– Простите, сэр, вы сами не из Ярда будете?
– Я? Да нет. Во всяком случае, в настоящее время, – с полнейшим самообладанием ответил Шерингэм. – В смысле, я приехал сюда не официально, но…
Он не договорил фразы, предоставив собеседнику самому додумывать, что официальные инструкции прибудут с минуты на минуту.
К немалому моему удивлению, детектив купился на этот блеф и заговорил куда откровеннее. Сам-то он этим делом не занимался. На станцию приехал по телефонному звонку из Минтона.
– Присматривать за нашим другом, – заметил Шерингэм, подмигивая в мою сторону. Я постарался улыбнуться в ответ.
Детектив согласился, что так оно и есть. Шерингэм продолжил задавать ему всякие общие вопросы – кто занимается делом, как зовут начальника полиции, все в таком роде.

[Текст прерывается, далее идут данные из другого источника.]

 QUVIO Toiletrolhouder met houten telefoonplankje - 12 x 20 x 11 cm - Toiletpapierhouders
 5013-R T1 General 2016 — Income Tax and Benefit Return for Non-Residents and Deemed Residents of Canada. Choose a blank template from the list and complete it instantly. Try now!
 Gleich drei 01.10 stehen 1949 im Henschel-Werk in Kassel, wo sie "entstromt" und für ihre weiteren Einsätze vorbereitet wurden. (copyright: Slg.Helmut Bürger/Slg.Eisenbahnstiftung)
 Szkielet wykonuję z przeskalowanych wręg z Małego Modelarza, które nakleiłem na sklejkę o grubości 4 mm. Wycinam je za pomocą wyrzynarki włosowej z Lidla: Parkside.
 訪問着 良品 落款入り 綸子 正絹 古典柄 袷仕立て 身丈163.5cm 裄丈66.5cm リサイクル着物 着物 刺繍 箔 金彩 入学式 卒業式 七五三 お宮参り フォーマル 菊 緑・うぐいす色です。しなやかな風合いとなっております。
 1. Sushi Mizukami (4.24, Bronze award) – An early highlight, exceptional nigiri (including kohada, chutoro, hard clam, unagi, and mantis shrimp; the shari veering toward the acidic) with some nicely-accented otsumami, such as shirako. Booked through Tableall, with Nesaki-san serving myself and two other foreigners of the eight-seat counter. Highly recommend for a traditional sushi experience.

Теперь уже сыщик отвечал без нерешительности и заминки.
– Не стану утруждать вас подробностями самого дела, – небрежно закончил Шерингэм. – Их я всегда получу от суперинтенданта Хэнкока. Еще по одной? Нет? Что ж, Килька, нам, пожалуй, пора. Все в порядке, – добавил он, обращаясь к полицейскому. – Теперь я буду с мистером Пинкертоном. Можете не беспокоиться.

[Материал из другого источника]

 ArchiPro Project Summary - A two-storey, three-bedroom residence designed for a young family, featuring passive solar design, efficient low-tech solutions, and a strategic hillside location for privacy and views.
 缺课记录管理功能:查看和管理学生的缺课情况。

– Очень хорошо, сэр, – отозвался тот. – Благодарю вас.
Я только диву давался. Впрочем, я не думал, что с суперинтендантом у Шерингэма получится так же легко.
К чести английской полиции, должен заметить, что через несколько минут, отъезжая, я краем глаза увидел сыщика в зеркале заднего вида. Стоя в дверях, он внимательно смотрел нам вслед. Не так уж он и поддался на болтовню моего друга. Еще вопрос, кто кого обвел вокруг пальца.
Всю дорогу Шерингэм болтал без остановки. Мне не терпелось ознакомить его с фактами, но он не позволил под тем смехотворным предлогом, что за раз можно делать хорошо только что-то одно, и либо я запутаюсь в рассказе, либо свалю нас в канаву. Ничуть не льстя себе, я указал, что лишь самый неопытный водитель не способен поддерживать разговор во время езды, однако Шерингэму почти удалось задеть меня за живое, ответив, что погодит с суждением на этот счет, пока не посмотрит, как я вожу.
В виде мести (признаться, совсем детской) я поинтересовался, а сам-то он теперь чем занимается, когда не занят расследованиями. Хотя на самом деле я прекрасно знал, что он пишет романы, и даже пару из них читал: ничего из ряда вон выходящего, хотя, насколько понимаю, продавались они неплохо. Приятель мой не без заминки ответил, что, мол, балуется журналистикой.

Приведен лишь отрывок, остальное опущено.